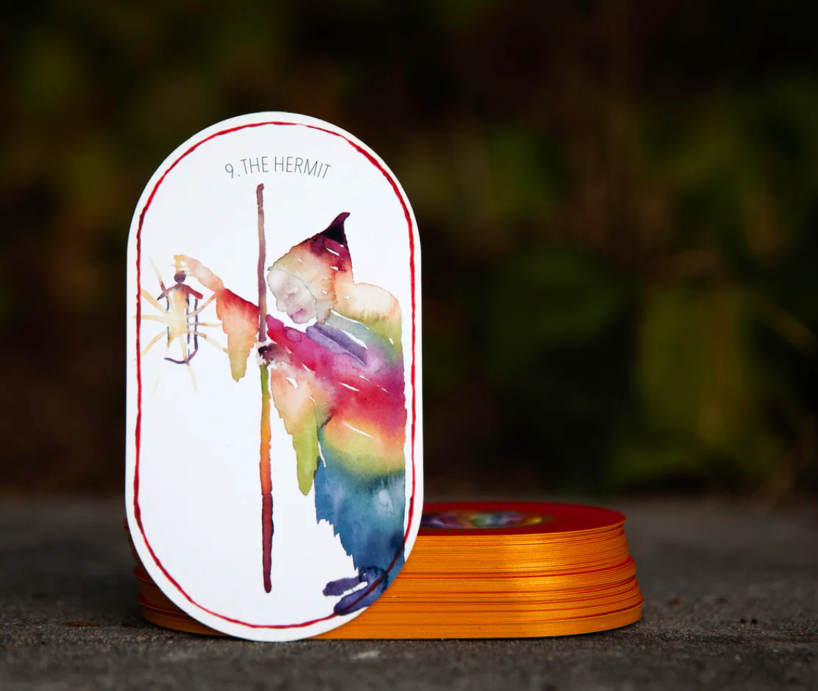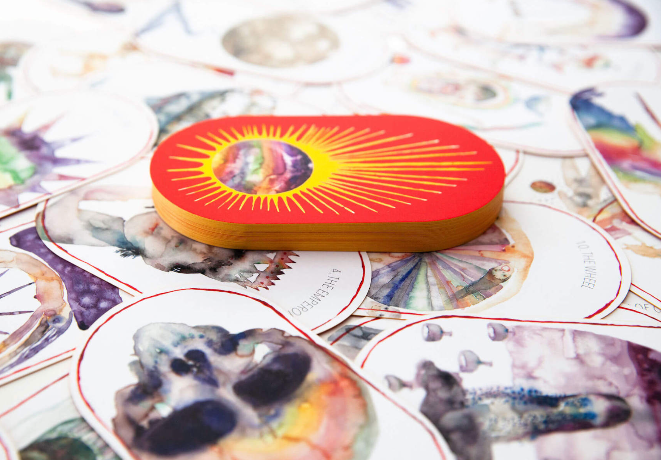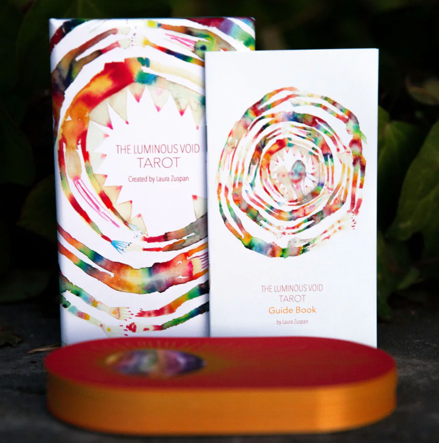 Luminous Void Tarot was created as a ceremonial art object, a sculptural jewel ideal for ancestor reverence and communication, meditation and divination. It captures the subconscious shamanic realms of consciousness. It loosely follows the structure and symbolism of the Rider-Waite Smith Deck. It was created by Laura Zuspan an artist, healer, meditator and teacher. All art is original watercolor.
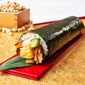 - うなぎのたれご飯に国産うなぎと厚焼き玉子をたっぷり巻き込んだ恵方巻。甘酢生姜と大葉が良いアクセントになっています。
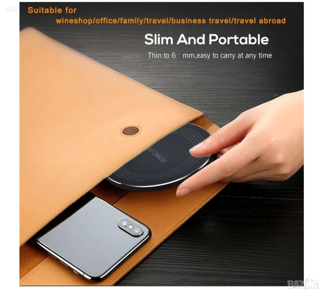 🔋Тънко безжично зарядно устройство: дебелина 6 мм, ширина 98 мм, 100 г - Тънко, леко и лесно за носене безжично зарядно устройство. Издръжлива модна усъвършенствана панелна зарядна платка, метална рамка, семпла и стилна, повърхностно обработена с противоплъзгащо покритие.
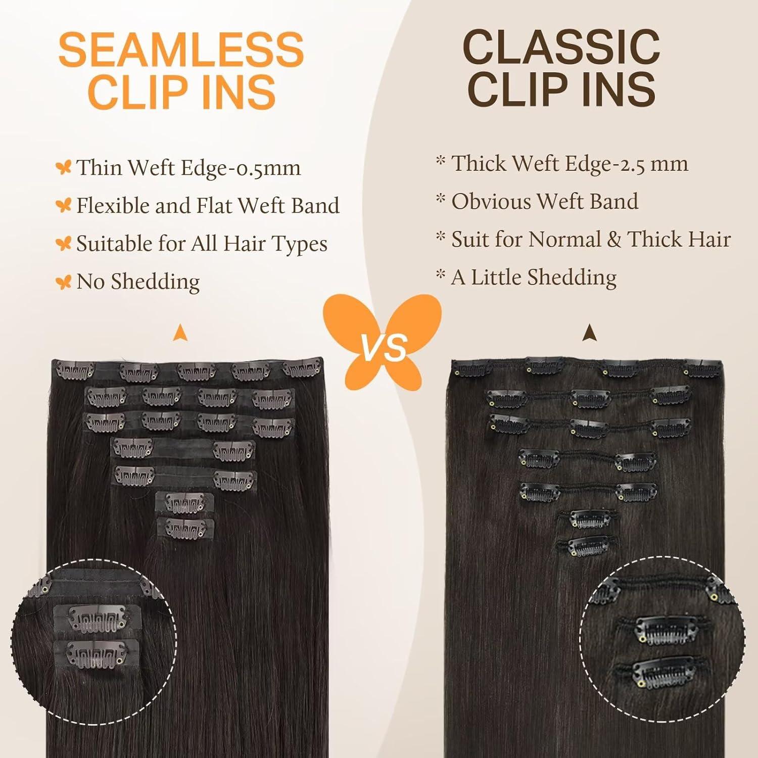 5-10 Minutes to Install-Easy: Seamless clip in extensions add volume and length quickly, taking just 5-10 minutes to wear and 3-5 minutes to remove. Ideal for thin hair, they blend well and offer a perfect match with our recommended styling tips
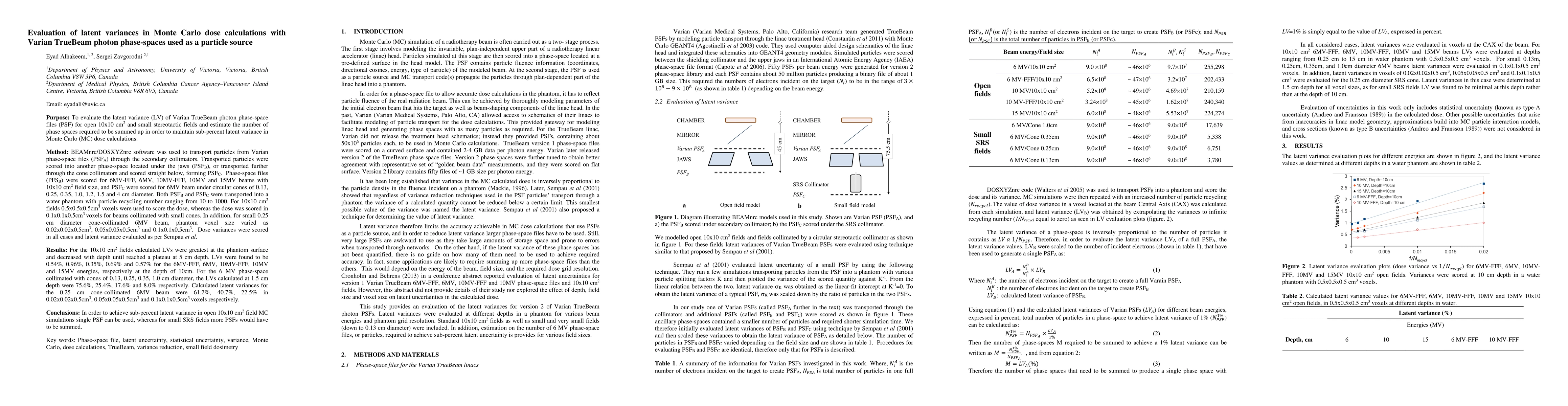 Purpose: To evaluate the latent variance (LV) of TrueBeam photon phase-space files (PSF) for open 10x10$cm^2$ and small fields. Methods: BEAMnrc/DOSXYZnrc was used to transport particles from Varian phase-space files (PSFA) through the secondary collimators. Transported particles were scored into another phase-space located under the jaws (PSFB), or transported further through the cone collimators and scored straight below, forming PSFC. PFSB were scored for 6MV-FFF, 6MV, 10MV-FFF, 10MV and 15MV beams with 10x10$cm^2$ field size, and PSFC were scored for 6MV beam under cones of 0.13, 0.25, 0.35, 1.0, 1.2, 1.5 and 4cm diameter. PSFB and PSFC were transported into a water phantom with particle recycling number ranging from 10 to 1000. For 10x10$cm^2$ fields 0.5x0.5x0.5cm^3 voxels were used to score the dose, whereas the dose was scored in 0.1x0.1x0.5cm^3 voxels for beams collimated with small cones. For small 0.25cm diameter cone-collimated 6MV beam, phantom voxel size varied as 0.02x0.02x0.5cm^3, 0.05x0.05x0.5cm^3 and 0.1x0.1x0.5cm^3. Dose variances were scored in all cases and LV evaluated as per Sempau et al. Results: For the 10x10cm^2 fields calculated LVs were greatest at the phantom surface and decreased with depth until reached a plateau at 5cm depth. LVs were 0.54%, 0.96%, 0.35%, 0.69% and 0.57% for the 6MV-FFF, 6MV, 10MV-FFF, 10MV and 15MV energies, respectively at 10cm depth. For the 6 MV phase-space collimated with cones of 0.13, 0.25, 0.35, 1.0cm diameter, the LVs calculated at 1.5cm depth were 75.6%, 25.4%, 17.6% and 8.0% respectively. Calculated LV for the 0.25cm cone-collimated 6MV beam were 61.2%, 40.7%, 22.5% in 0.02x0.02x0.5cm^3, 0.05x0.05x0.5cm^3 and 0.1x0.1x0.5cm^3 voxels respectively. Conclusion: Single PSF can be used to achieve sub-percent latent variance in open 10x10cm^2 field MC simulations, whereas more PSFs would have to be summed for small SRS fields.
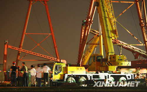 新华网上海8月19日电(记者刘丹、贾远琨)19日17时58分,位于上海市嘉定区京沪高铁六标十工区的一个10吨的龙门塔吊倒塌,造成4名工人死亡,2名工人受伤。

§ PROMPT
Restate each of the entries above word for word and skip every image.

§ TASK RESULT
 Luminous Void Tarot was created as a ceremonial art object, a sculptural jewel ideal for ancestor reverence and communication, meditation and divination. It captures the subconscious shamanic realms of consciousness. It loosely follows the structure and symbolism of the Rider-Waite Smith Deck. It was created by Laura Zuspan an artist, healer, meditator and teacher. All art is original watercolor.
 - うなぎのたれご飯に国産うなぎと厚焼き玉子をたっぷり巻き込んだ恵方巻。甘酢生姜と大葉が良いアクセントになっています。
 🔋Тънко безжично зарядно устройство: дебелина 6 мм, ширина 98 мм, 100 г - Тънко, леко и лесно за носене безжично зарядно устройство. Издръжлива модна усъвършенствана панелна зарядна платка, метална рамка, семпла и стилна, повърхностно обработена с противоплъзгащо покритие.
 5-10 Minutes to Install-Easy: Seamless clip in extensions add volume and length quickly, taking just 5-10 minutes to wear and 3-5 minutes to remove. Ideal for thin hair, they blend well and offer a perfect match with our recommended styling tips
 Purpose: To evaluate the latent variance (LV) of TrueBeam photon phase-space files (PSF) for open 10x10$cm^2$ and small fields. Methods: BEAMnrc/DOSXYZnrc was used to transport particles from Varian phase-space files (PSFA) through the secondary collimators. Transported particles were scored into another phase-space located under the jaws (PSFB), or transported further through the cone collimators and scored straight below, forming PSFC. PFSB were scored for 6MV-FFF, 6MV, 10MV-FFF, 10MV and 15MV beams with 10x10$cm^2$ field size, and PSFC were scored for 6MV beam under cones of 0.13, 0.25, 0.35, 1.0, 1.2, 1.5 and 4cm diameter. PSFB and PSFC were transported into a water phantom with particle recycling number ranging from 10 to 1000. For 10x10$cm^2$ fields 0.5x0.5x0.5cm^3 voxels were used to score the dose, whereas the dose was scored in 0.1x0.1x0.5cm^3 voxels for beams collimated with small cones. For small 0.25cm diameter cone-collimated 6MV beam, phantom voxel size varied as 0.02x0.02x0.5cm^3, 0.05x0.05x0.5cm^3 and 0.1x0.1x0.5cm^3. Dose variances were scored in all cases and LV evaluated as per Sempau et al. Results: For the 10x10cm^2 fields calculated LVs were greatest at the phantom surface and decreased with depth until reached a plateau at 5cm depth. LVs were 0.54%, 0.96%, 0.35%, 0.69% and 0.57% for the 6MV-FFF, 6MV, 10MV-FFF, 10MV and 15MV energies, respectively at 10cm depth. For the 6 MV phase-space collimated with cones of 0.13, 0.25, 0.35, 1.0cm diameter, the LVs calculated at 1.5cm depth were 75.6%, 25.4%, 17.6% and 8.0% respectively. Calculated LV for the 0.25cm cone-collimated 6MV beam were 61.2%, 40.7%, 22.5% in 0.02x0.02x0.5cm^3, 0.05x0.05x0.5cm^3 and 0.1x0.1x0.5cm^3 voxels respectively. Conclusion: Single PSF can be used to achieve sub-percent latent variance in open 10x10cm^2 field MC simulations, whereas more PSFs would have to be summed for small SRS fields.
 新华网上海8月19日电(记者刘丹、贾远琨)19日17时58分,位于上海市嘉定区京沪高铁六标十工区的一个10吨的龙门塔吊倒塌,造成4名工人死亡,2名工人受伤。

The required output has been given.